Perché la salute orale è una priorità sanitaria
Negli ultimi decenni la diffusione delle malattie parodontali è cresciuta in modo significativo: il rapporto Global Burden of Disease 2026 stima che i casi di parodontite severa siano passati da 559 milioni a 1,1 miliardi a livello globale, con impatti che coinvolgono tutto l’organismo. In Italia la forma grave è salita da oltre 6 milioni a circa 9 milioni, pari al 15,7% della popolazione adulta, a fronte di percentuali più basse in Spagna (4%) e Gran Bretagna (8,5%) e più alte in Germania (24%). Questi numeri giustificano l’inclusione della salute orale tra le priorità globali di salute pubblica.

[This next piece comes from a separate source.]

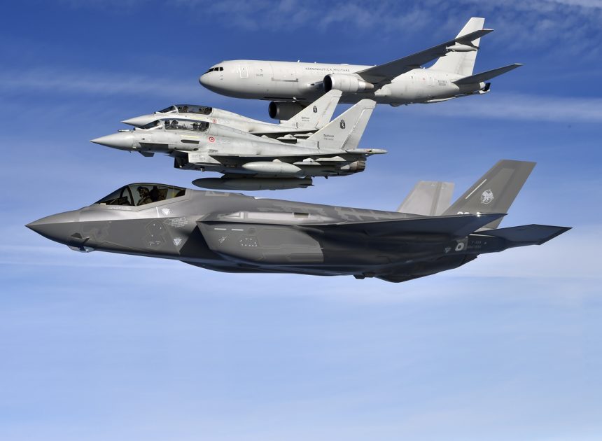 It was pretty much an Aeronautica Militare (Italian Air Force) achievement: the aircraft was the ItAFโs first F-35, the first JSF built outside the U.S., piloted by one of the two ItAF test pilots, belonging to the Reparto Sperimentale Volo (Test Wing) from Pratica di Mare, who successfully completed the training at Luke AFB in November last year, and supported by a formation made by 2x KC-767s, 2x C-130Js and 2x Typhoons, all belonging to the Italian Air Force.

Collegamenti con malattie sistemiche
La letteratura clinica mette in relazione una scarsa salute orale con condizioni come declino cognitivo, tumori, polmonite, malattie cardiovascolari e diabete. Anche problemi odontali come la carie e la perdita dei denti possono peggiorare la qualità della vita e la salute relazionale e mentale. Per questo motivo l’Organizzazione Mondiale della Sanità riconosce la prevenzione orale come strumento cruciale nella lotta alle malattie non trasmissibili.
Impatto ambientale e nuove strategie terapeutiche
Il rapporto tra ambiente e bocca sta emergendo come fattore rilevante: recenti analisi indicano che l’inquinamento atmosferico, e in particolare il PM2.5, è associato a un aumento del rischio di parodontite. Per ogni aumento annuo di 10 μg/m³ di PM2.5 il rischio può crescere fino al 9%, come mostrano studi che includono indagini su più di 13.000 soggetti. Inoltre, le ondate di calore possono favorire la disidratazione, ridurre il flusso salivare e accelerare l’accumulo di biofilm batterico.
Il principio «Less is More»
In risposta a questi trend la comunità scientifica propone il modello Less is More: un approccio conservativo e biologicamente guidato che privilegia tecniche meno invasive, microchirurgia e una selezione più accurata degli interventi. Nella pratica questo significa interventi più brevi, minor trauma, recuperi più rapidi e un uso ridotto di biomateriali. Per esempio, alcune tecniche non chirurgiche riducono il tempo alla poltrona del 60%, mentre procedure minimamente invasive per l’aumento osseo mostrano una diminuzione fino al 50% dell’anestetico e una riduzione di quattro volte nel consumo di biomateriali senza perdere efficacia clinica.
Opportunità e ruolo della farmacia
Per la farmacia la transizione dall’idea di semplice prodotto a quella di presidio sanitario rappresenta un’opportunità strategica. Il comparto dell’Oral Health genera un valore medio per punto vendita vicino ai 20.000 euro e mostra trend positivi: la categoria «Cura e Prevenzione» pesa per il 47,3% del fatturato e ha registrato una crescita significativa. Questi numeri indicano che investire in assortimento specialistico e consulenza tecnica può tradursi in valore economico e relazione con il cliente.
Consulenza come leva di differenziazione
Un sondaggio YouGov per Curasept segnala che il 38% dei consumatori si affida al consiglio di uno specialista per scegliere prodotti orali; il farmacista è indicato come referente dal 16% del campione, percentuale che supera i media tradizionali e gli influencer. Tra gli over 55 la quota sale al 43%, confermando l’importanza della consulenza per fasce di popolazione più vulnerabili. La farmacia può dunque distinguersi attraverso un linguaggio orientato alla salute, percorsi di prevenzione personalizzati e comunicazione chiara sulle categorie di prodotto.
In conclusione, cambiare paradigma significa adottare una visione integrata che unisce prevenzione, sostenibilità e competenza professionale. Per la farmacia questo passaggio richiede investimenti in formazione, assortimento mirato e strumenti comunicativi che trasformino la vendita in un percorso di cura continuativa, rafforzando fiducia e fidelizzazione tra cliente e professionista.